Description of the task: Given the records below, the lines starting at the line with "- 【10 Advanced" and ending at the line with "Comprising approximately 950" should be output exactly, both end lines kept and pictures left out.

Data provided:
· · · · · · ·

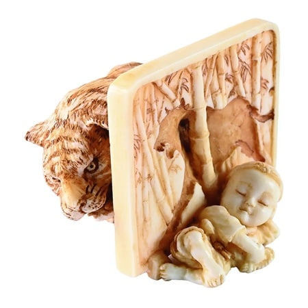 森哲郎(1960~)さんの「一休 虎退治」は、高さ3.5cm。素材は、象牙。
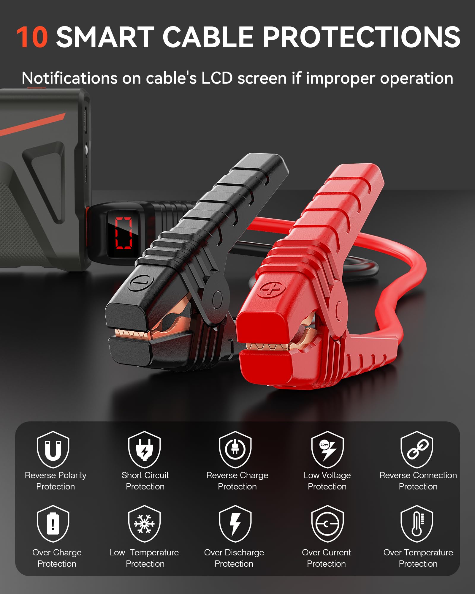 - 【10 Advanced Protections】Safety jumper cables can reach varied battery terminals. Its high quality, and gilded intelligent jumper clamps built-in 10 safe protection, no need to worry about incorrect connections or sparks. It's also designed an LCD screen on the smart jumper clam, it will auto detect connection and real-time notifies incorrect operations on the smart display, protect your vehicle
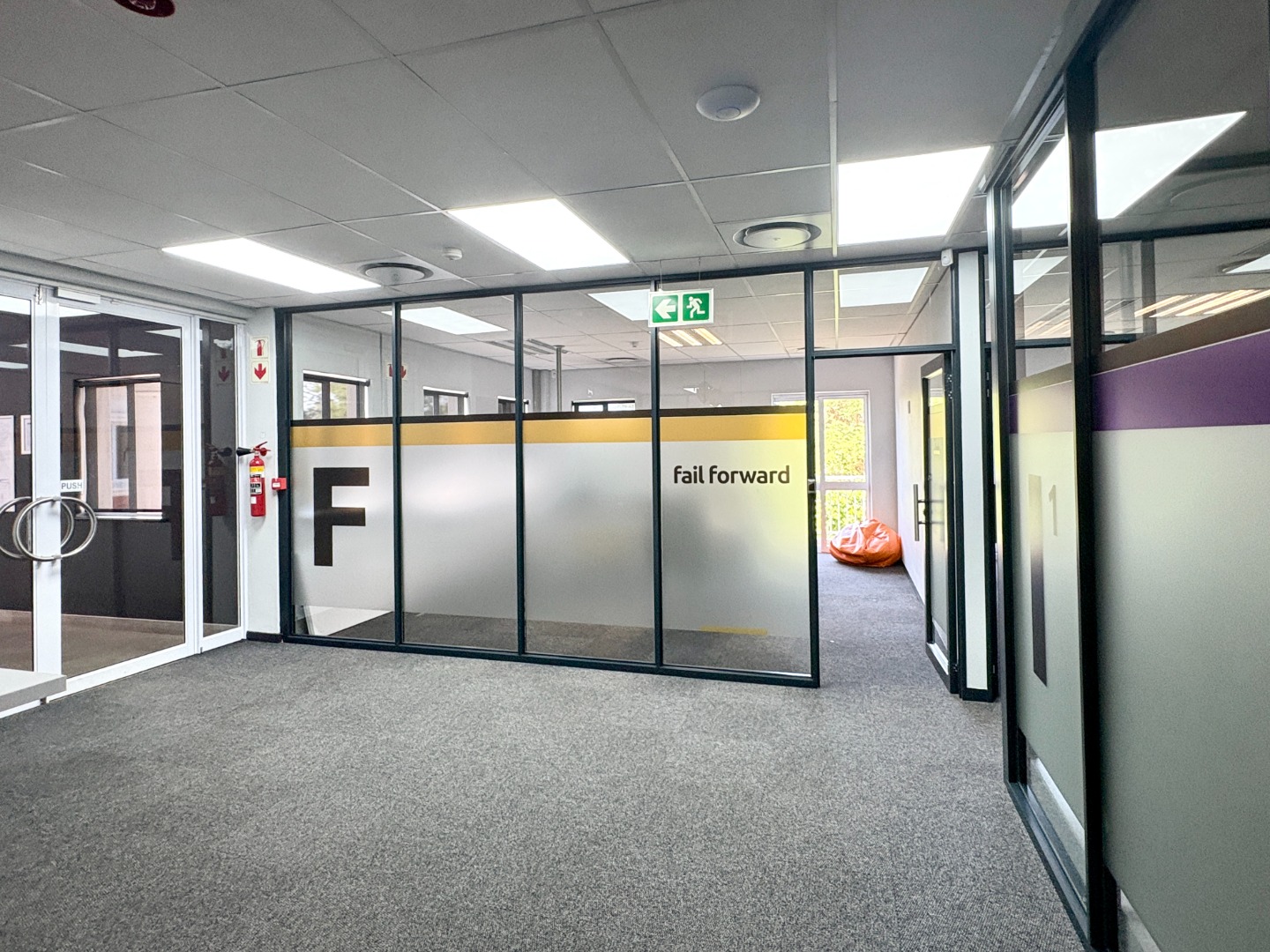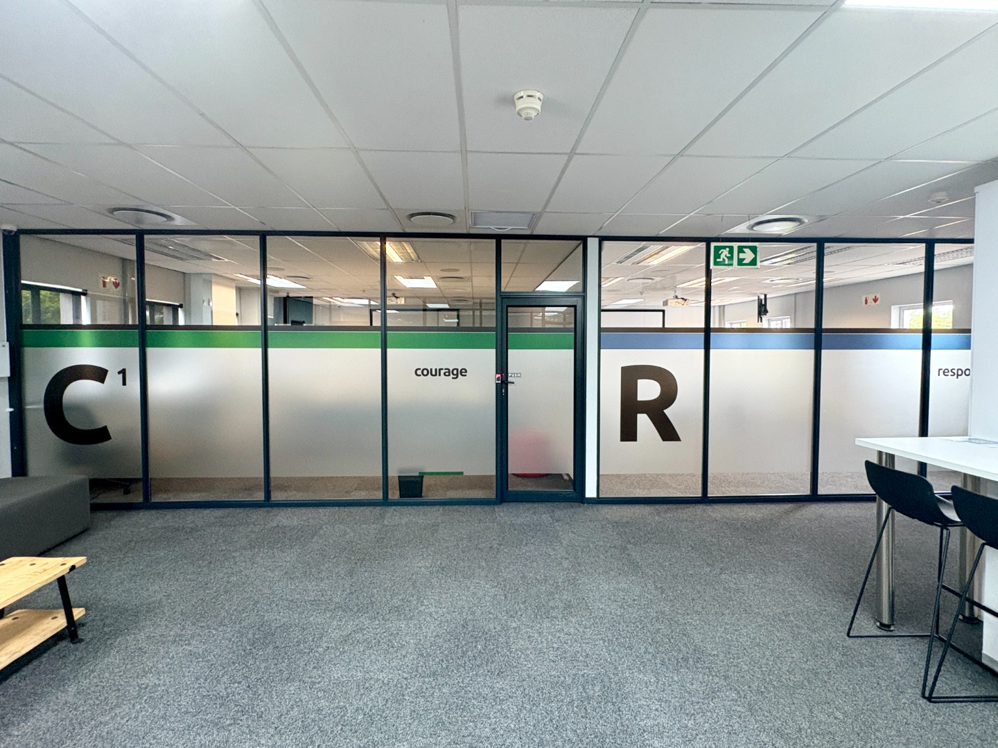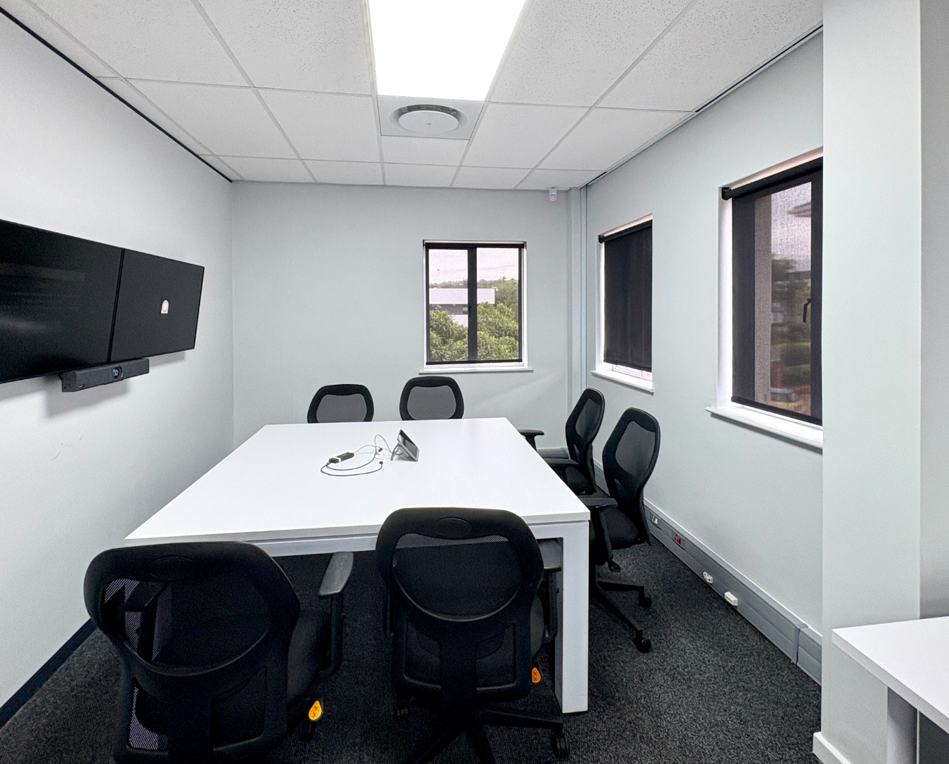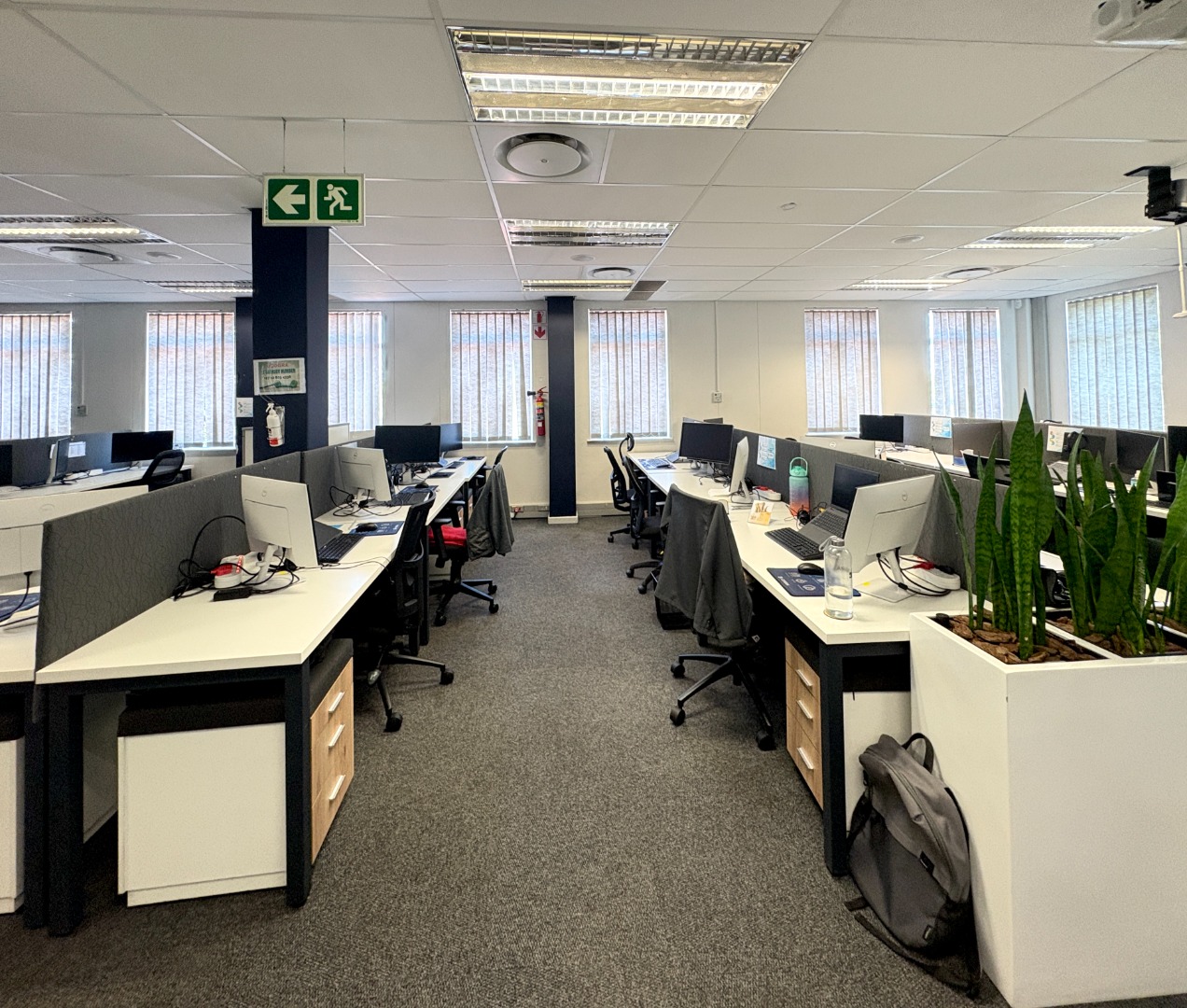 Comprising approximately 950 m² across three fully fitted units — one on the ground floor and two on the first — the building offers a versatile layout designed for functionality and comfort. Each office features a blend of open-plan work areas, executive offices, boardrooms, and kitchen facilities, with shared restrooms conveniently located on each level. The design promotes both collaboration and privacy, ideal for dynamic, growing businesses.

· · · · · · ·

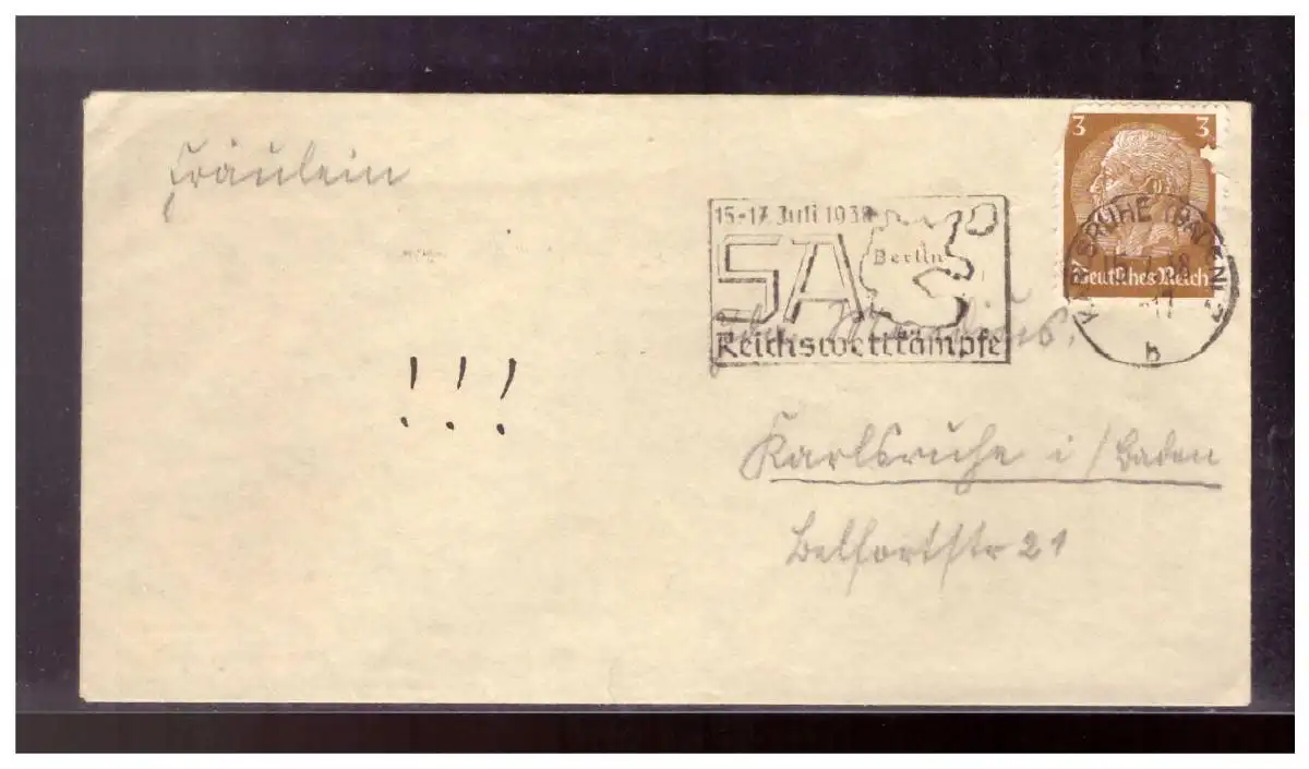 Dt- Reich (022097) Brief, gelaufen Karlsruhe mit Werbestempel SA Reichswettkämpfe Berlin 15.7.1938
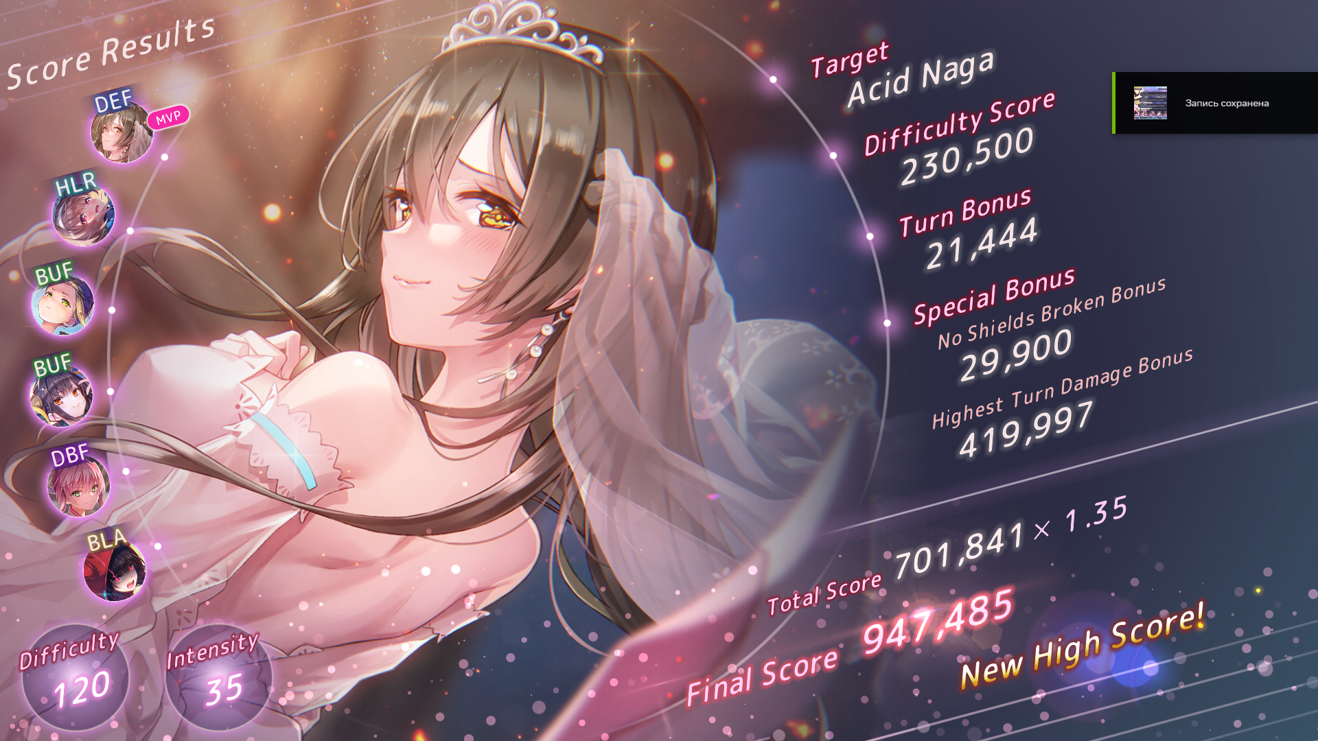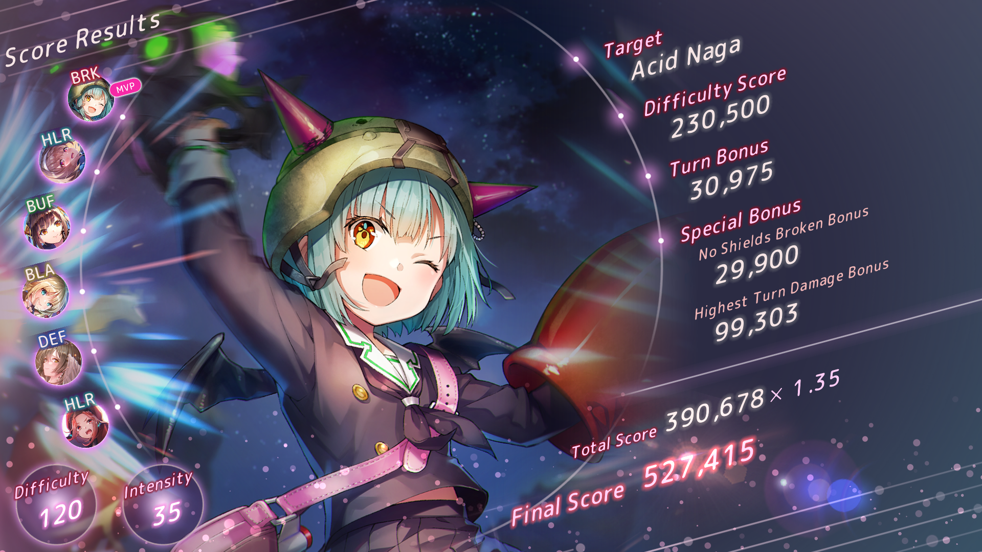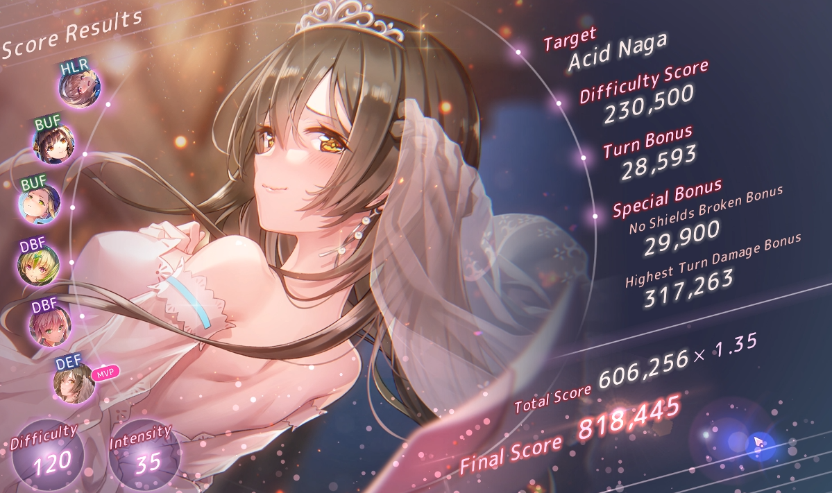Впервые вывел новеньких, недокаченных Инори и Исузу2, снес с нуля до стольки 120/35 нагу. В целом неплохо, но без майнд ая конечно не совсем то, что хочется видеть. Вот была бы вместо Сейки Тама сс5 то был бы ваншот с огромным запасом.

· · · · · · ·

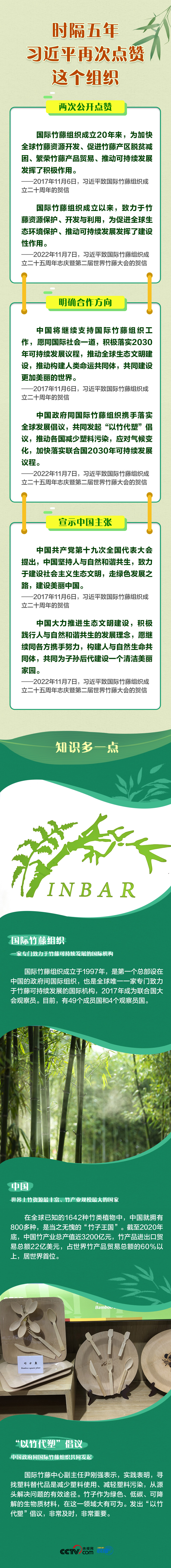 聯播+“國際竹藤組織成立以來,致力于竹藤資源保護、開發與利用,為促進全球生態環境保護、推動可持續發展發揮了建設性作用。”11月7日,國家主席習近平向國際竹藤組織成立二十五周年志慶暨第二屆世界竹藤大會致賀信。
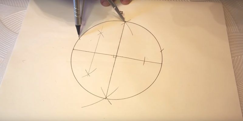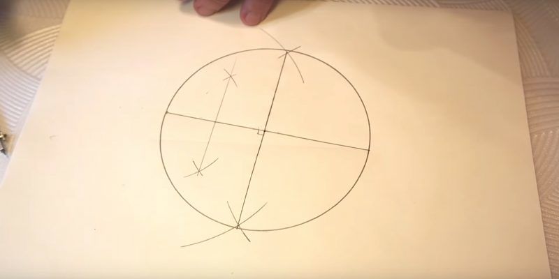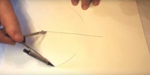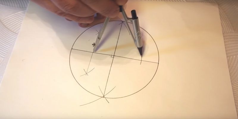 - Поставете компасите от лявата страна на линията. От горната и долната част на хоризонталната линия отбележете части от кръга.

· · · · · · ·

Written response:
 - 【10 Advanced Protections】Safety jumper cables can reach varied battery terminals. Its high quality, and gilded intelligent jumper clamps built-in 10 safe protection, no need to worry about incorrect connections or sparks. It's also designed an LCD screen on the smart jumper clam, it will auto detect connection and real-time notifies incorrect operations on the smart display, protect your vehicle
 Comprising approximately 950 m² across three fully fitted units — one on the ground floor and two on the first — the building offers a versatile layout designed for functionality and comfort. Each office features a blend of open-plan work areas, executive offices, boardrooms, and kitchen facilities, with shared restrooms conveniently located on each level. The design promotes both collaboration and privacy, ideal for dynamic, growing businesses.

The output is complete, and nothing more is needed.